Production Stripe webhook handling requires four things done in order: verify the Stripe-Signature header against the raw request body before any parsing, return 200 immediately and enqueue to a durable background queue, claim idempotency using the event ID with atomic INSERT ON CONFLICT in the worker, and maintain a dead-letter queue for events that exhaust retries. [Stripe retries for up to three days](https://docs.stripe.com/webhooks) in live mode with exponential backoff, so dedup TTL should be at least seven days. Stripe doesn't guarantee event order — fetch current state from your database rather than assuming prior events have already run.

What should a webhook retry strategy include?
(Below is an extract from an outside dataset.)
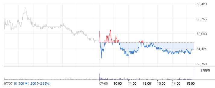 | 삼성전자 | 61,700 | +900 | +1.48% |
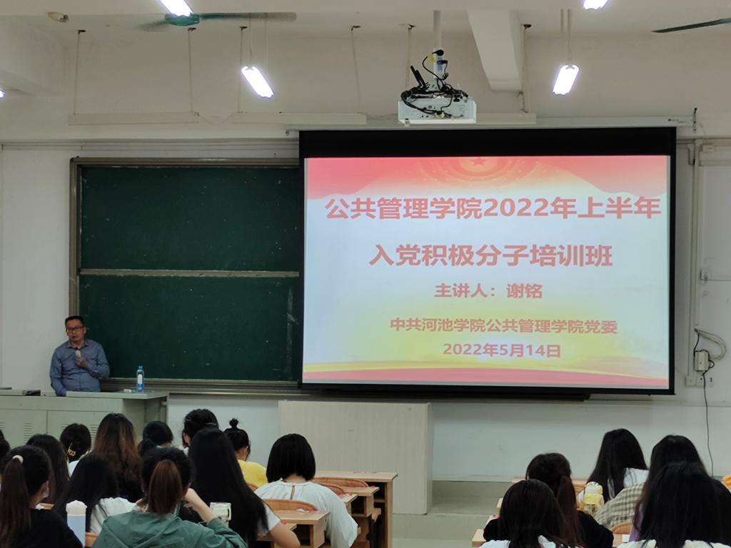 为了引导入党积极分子树立坚定的理想信念,筑牢思想根基。5月14日晚,在弘毅楼2-406教室,公管学院开展主题为“百色起义精神及当代价值”的入党积极分子专题教育培训。培训由谢铭教授主讲,学院全体入党积极分子参加了培训。

A webhook retry strategy needs exponential backoff with jitter, a defined maximum attempt count, and a dead-letter queue for events that exhaust the budget. Exponential backoff prevents overwhelming recovering services. Jitter prevents a synchronized thundering herd when multiple services restart simultaneously on the same backoff schedule. The maximum attempt count prevents runaway retry loops consuming compute on permanently broken events. After the budget is exhausted, the [DLQ](https://hookdeck.com/webhooks/guides/dead-letter-queues-webhook-reliability) preserves the event for manual inspection and controlled replay — the difference between a recoverable incident and a data loss event.

How do I prevent duplicate webhook event processing with Postgres?

Use `INSERT INTO processed_webhooks (event_id) VALUES ($1) ON CONFLICT (event_id) DO NOTHING RETURNING id` to claim each event atomically before any business logic runs. If the RETURNING clause returns no rows, the event was already claimed by a prior delivery or a concurrent retry — skip processing. Execute business logic inside the same database transaction as the claim INSERT, so both commit together or not at all. A crash between a separate business commit and idempotency commit is the second failure mode — they must be atomic. Set a cleanup schedule to delete rows older than seven days, matching Stripe's retry window plus a safety margin.